Source: Politico | March 5, 2020 | Josh Gerstein

The brutal opinion concludes that the attorney general skewed perceptions of the Trump-Russia review.

A federal judge excoriated Attorney General Bill Barr on Thursday for distorting the findings of special counsel Robert Mueller during his investigation into alleged collusion between the Trump campaign and Russia.

In a stinging 23-page opinion, U.S. District Court Judge Reggie Walton said Barr’s efforts to spin the report before its public release last year raised serious doubts about whether the Justice Department faithfully applied the law when deleting certain information from the publicly disclosed version.

“The Court cannot reconcile certain public representations made by Attorney General Barr with the findings in the Mueller Report,” wrote Walton, an appointee of President George W. Bush.

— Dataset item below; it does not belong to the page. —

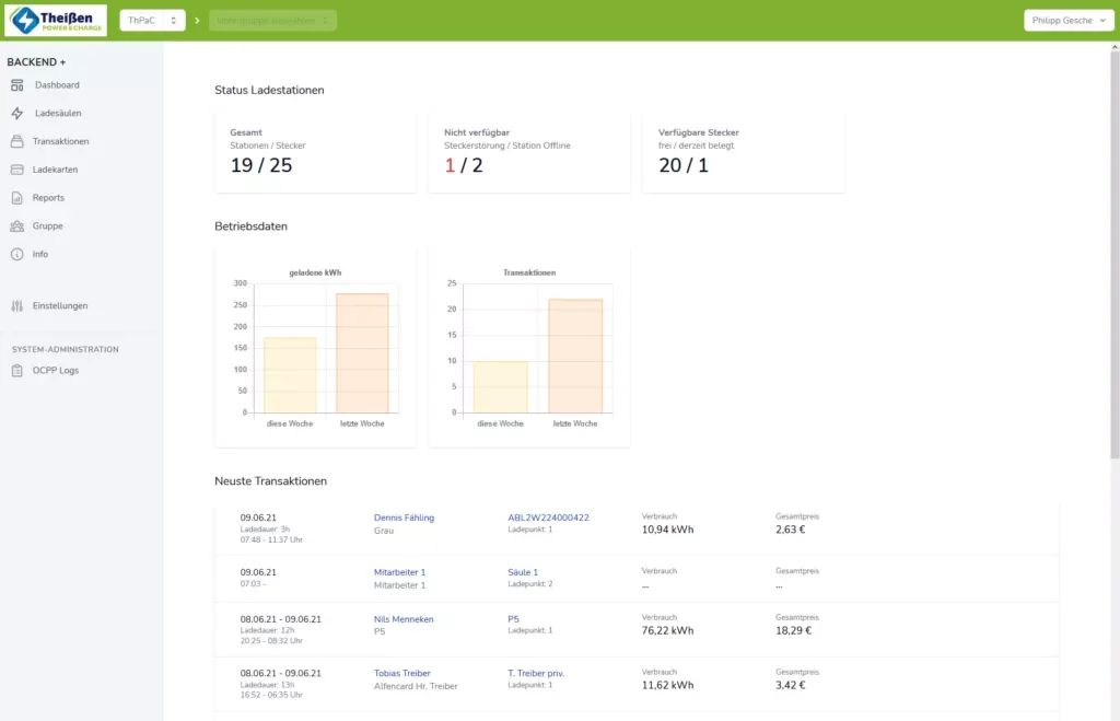 Das System wächst mit: Neue Ladestationen werden herstellerunabhängig integriert, neue Standorte in Minuten angelegt. Die Plattform bildet heute das technische Rückgrat des Geschäftsmodells von Theißen Power & Charge.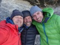 Napade me vročina (povišana telesna temperatura), Tomaž in Matjaž pa ne popuščata in odneseta vsak svoj nahrbtnik, poln opreme, (nista bila lahka) na zgornji plato ledenika Rangtik in tam odložita opremo. Sestop v dolino nam res dodobra napolni baterije, in ko grizemo v breg nazaj proti baznemu taboru, slutimo, da smo zdaj tisti pravi. Matic in Tomaž se sicer ubadava z običajnimi težavami starostnikov (bolečine v križu, pogosto uriniranje itd.), Matjaž pa kar poka od energije. Ko ga zavohajo jaki, ki so med našo odsotnostjo naselili bazni tabor, jo brž ucvrejo nazaj v dolino. Deževen dan nas malo ohladi, naslednji pa je brez dežja in odpravimo se proti Chakdor Ri (6193 m, aka H8). Noč na ledeniku pod steno je udobna, poslušamo glasbo, jutranje meglice pa soncu preprečujejo, da bi nas ogrelo. Žreb je določil vrstni red vodenja naveze. Bili smo pogumni in imeli srečo (tudi pri žrebu). Plezanje začnemo po snežni rampi, ki se s strani izteče v jugovzhodni raz gore, tam, kjer sva poskusila že lani z Nastjo. Po 100 metrih se preobujemo v plezalke in pod previs pospravimo čevlje, dereze in cepine. Prvi dan plezanje ni težko, težki so le naši nahrbtniki. Popoldan je v znamenju izdelave izravnave za udobno bivakiranje, poskusa rehidracije naših teles in filozofiranja. Na višini približno 5850 m si uredimo bivak. Naslednji dan čakamo, da sonce ogreje skalo in nas. Danes smo opremo skrbno izbrali; 24 metuljev, set zatičev, 10 klinov, 5 litrov pijače, vsak svojo puhovko, teniske, čelke, v žepe zatlačimo nekaj energetskih ploščič, navežemo se na dvojno vrv, vzamemo še nekaj kompletov in zank ter začnemo plezati. Matjaž dobro vleče raztežaje. Plezanje je resno, a prijetno. Prehode iščemo na desni (gor gledano) strani raza. Brez obotavljanja zmerno napredujemo. V glavnem se držimo poči, včasih pa potegnemo tudi čez plošče, kjer je treba malo več zbranosti, saj je tam varovanje slabše. Okoli petih popoldan smo na vrhu. Opravili smo prvi pristop na Chakdor Ri (6193 m, aka H8). Ko smo zadovoljni (in zaskrbljeni obenem) gledali okoli sebe, nismo bili prepričani, ali stojimo na najvišji točki gore, saj je vršni greben precej horizontalen, ozek, a ne težak. Ker nas je zajelo poslabšanje vremena z močno statično elektriko in sneženjem, se nismo ukvarjali s tem, kateri skalni blok v vršnem grebenu je morda 5 m višji od našega stojišča, v skalni mostiček smo privezali rdečo molilno zastavico, ki nam jo je v ta namen dal Lobsang, ter vso energijo usmerili v sestop. Veter je bil vse močnejši, sneženje pa vse gostejše. Spuste po vrvi smo urejali na (gor gledano) levi strani raza in do večera dosegli bivak, kjer nas je čakal šotorček, elektrika je pa tudi popustila, ko smo izgubljali višino. Ali je res? Naslednje jutro smo v oblačnem vremenu in rahlih padavinah nadaljevali s spusti po vrvi do vznožja stene. Na zgornjem platoju ledenika Rangtik smo si na ramena naložili še nekaj opreme in sestopili vse do baznega tabora. Treba je bilo le še izbrati ime smeri. Predlogi, kot so Šarlatans from Balkan ali pa Rolling stones spoznajo moje starše ali Only Lovers Left Alive so povsem nekorektni in neprimerni, zato se odločimo za Treasure of Zanskar. Višina smeri 750 m, splošna ocena ED+, v skali od III do VII- (po UIAA težavnostni lestvici), sneg in led do 55 stopinj naklonine. Plezali smo od 31. 7. 2017 do 2. 8. 2017 (vrh 1. 8. 2017). Vzpon je bil seveda opravljen v alpskem slogu. Matjaž in Matic sva celotno smer preplezala prosto (na pogled oz. flash), Tomaž pa na dveh mestih A0. Varovanje smo v glavnem urejali z zatiči in metulji, na vzponu pa smo zabili tudi 5 klinov, ki jih nismo izbili. Spuste smo v glavnem urejali na skalnih rogljih, nekaj pa jih je tudi na klinih, metuljih in zatičih. Sledilo je nekaj dni počitka v baznem taboru.

“The inconsistencies between Attorney General Barr’s statements, made at a time when the public did not have access to the redacted version of the Mueller Report to assess the veracity of his statements, and portions of the redacted version of the Mueller Report that conflict with those statements cause the Court to seriously question whether Attorney General Barr made a calculated attempt to influence public discourse about the Mueller Report in favor of President Trump despite certain findings in the redacted version of the Mueller Report to the contrary,” the judge added.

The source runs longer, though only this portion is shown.